Can you sum it?

Algebra Level 4

$\prod_{r=3}^{\infty}\left (\dfrac{r^{3}-8}{r^{3}+8} \right ) = \, ?$ Give your answer up to 3 decimal places.

The answer is 0.285.

1 solution

Aditya Narayan Sharma
Feb 15, 2016

$\prod_{r=3}^{\infty}\left (\dfrac{r^{3}-8}{r^{3}+8} \right )$ Here We should factorise them and write seperately, $\prod_{r=3}^{\infty}\left (\dfrac{r-2}{r+2}\dfrac{r^{2}+2r+4}{r^{2}-2r+4} \right )$

= $\frac{1.2.3.4.......\infty}{5.6.7........\infty}$ $\frac{19.28.......\infty}{7.12.19.28........\infty}$ [Putting the values of r for first few numbers]

For the fact that (r-2) & (r+2) for any integer r is that (r+2)-(r-2) = 4 So (r+2) comes as the 4th number from (r-2) , Naturally for any r , (r-2) occupies the value of (r+2) if r is increased by 4. So after 4 terms the numerator gets equal to the denominator. For the Next case,

$(r-1)^{2}$ + 3 & $(r+1)^{2}$ are the numerator and denominator respectively. (r+1)-(r-1) = 2 , so after 2 terms (r-1) obtains the value of (r+1).

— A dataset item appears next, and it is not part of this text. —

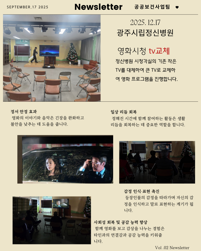 광주시립정신병원에서는 정신공공사업팀 주관으로 치료 프로그램의 일환인 영화시청 활동이 진행되었습니다.
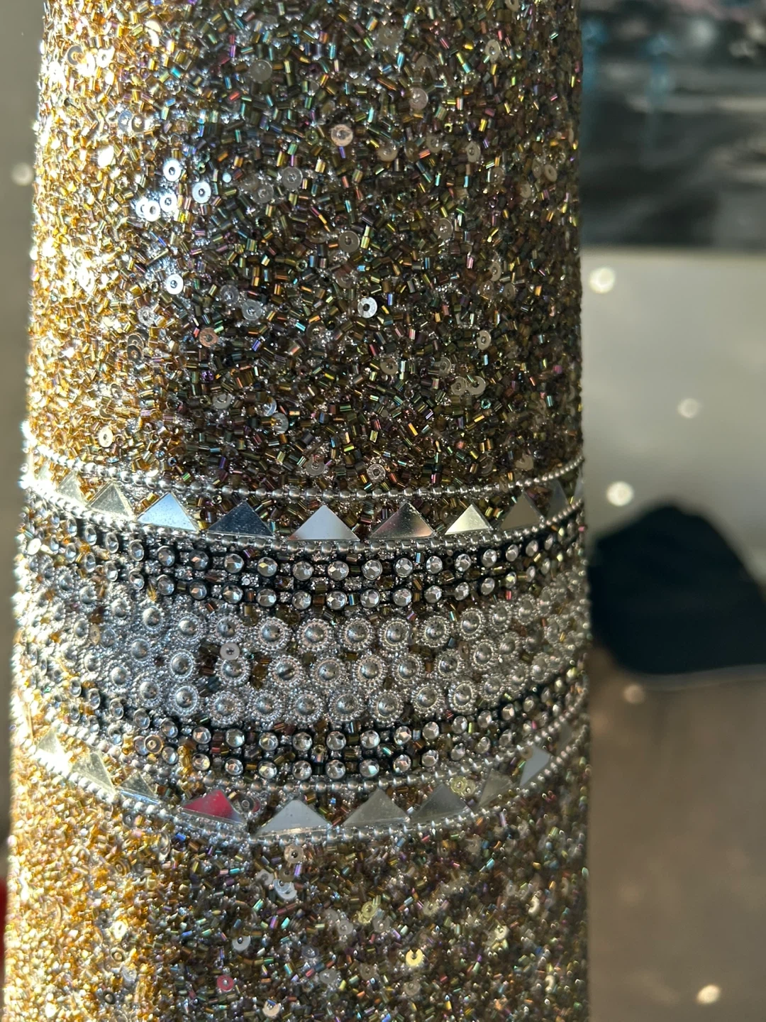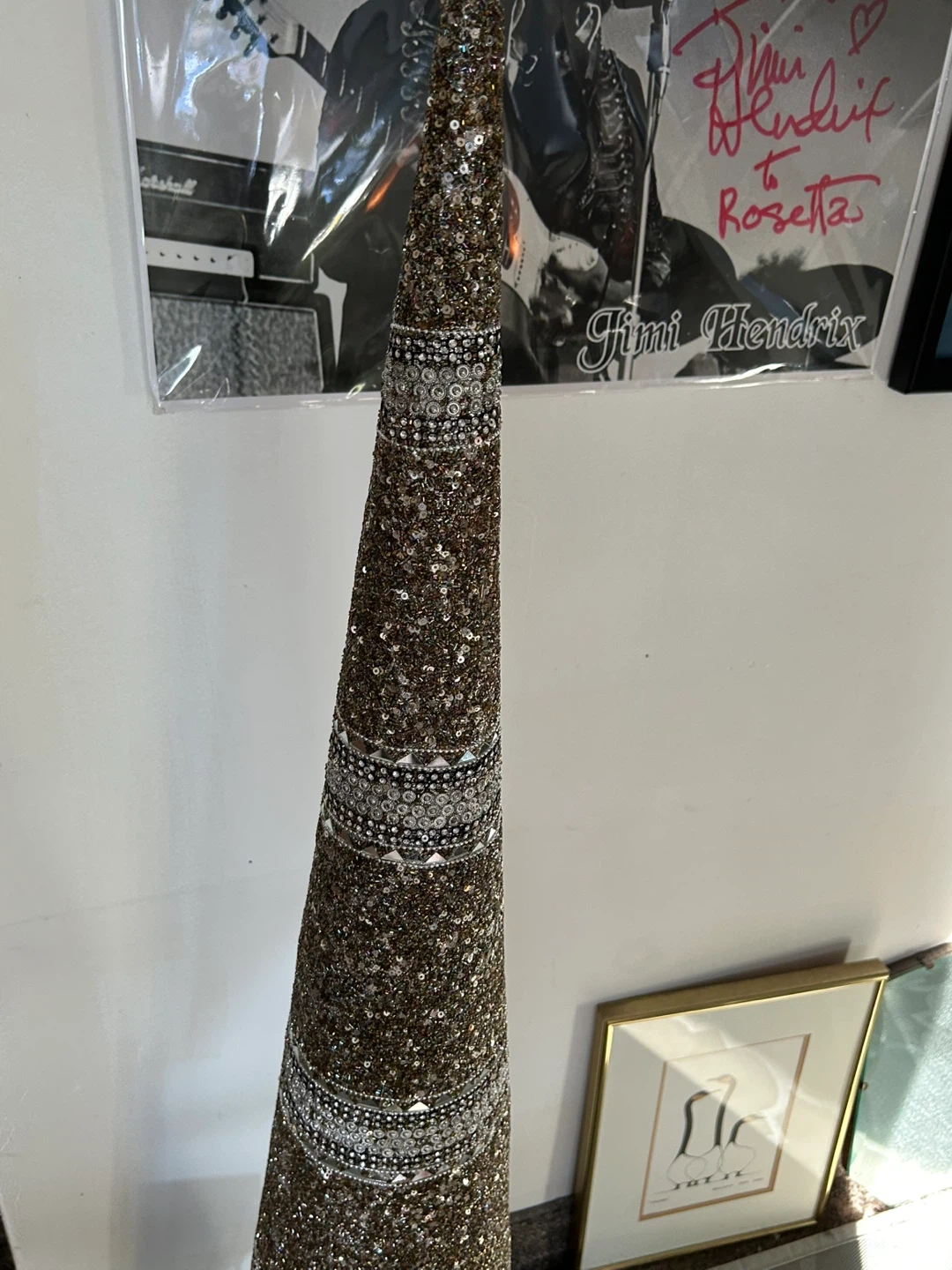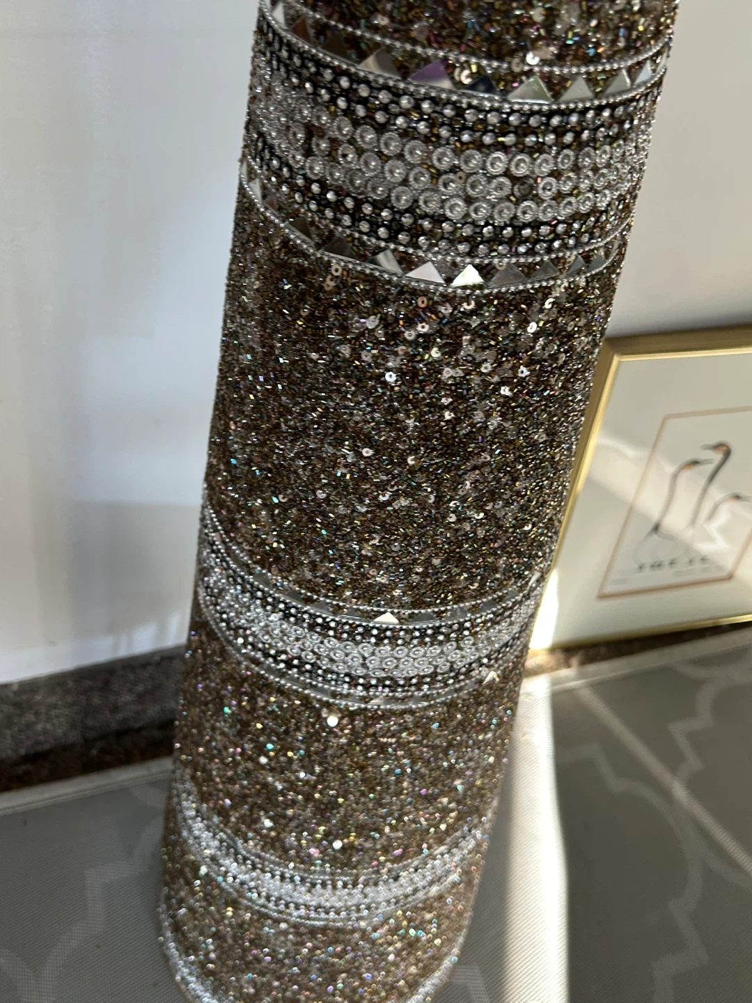 This eye-catching floor boasts a unique cone shape covered in shimmering beads and sequins. It features decorative bands of rhinestones and metallic trim. It's a striking piece that adds glamour to any room!

So after 2 terms (r-1) will take the values of (r+1) and the constant term is same '3'. So the denominator gets the values same as the numerator. So they cancel of after 2 terms. After Cancellling We are left with $\dfrac{2}{7}$

So the Answer is : 0.285 (approx)

Moderator note:

Can you explain how "after cancelling ..."?

Calvin Lin Staff - 5 years, 3 months ago

$\frac{1.2.3.4.......\infty}{5.6.7........\infty}$ - In the sequence the next terms in the numerator and denominator both cancel off. in the next sequence , $\frac{19.28.39.52......\infty}{7.12.19.28.39.52......\infty}$ = $\frac{1}{7.12}$ so everything gets cut off after that. Thus the answer = $\frac{1.2.3.4}{7.12}$ = $\frac{2}{7}$

Aditya Narayan Sharma - 5 years, 3 months ago

How do we know that "everything gets cut off after that"? What is the explanation for that happening, other than observation?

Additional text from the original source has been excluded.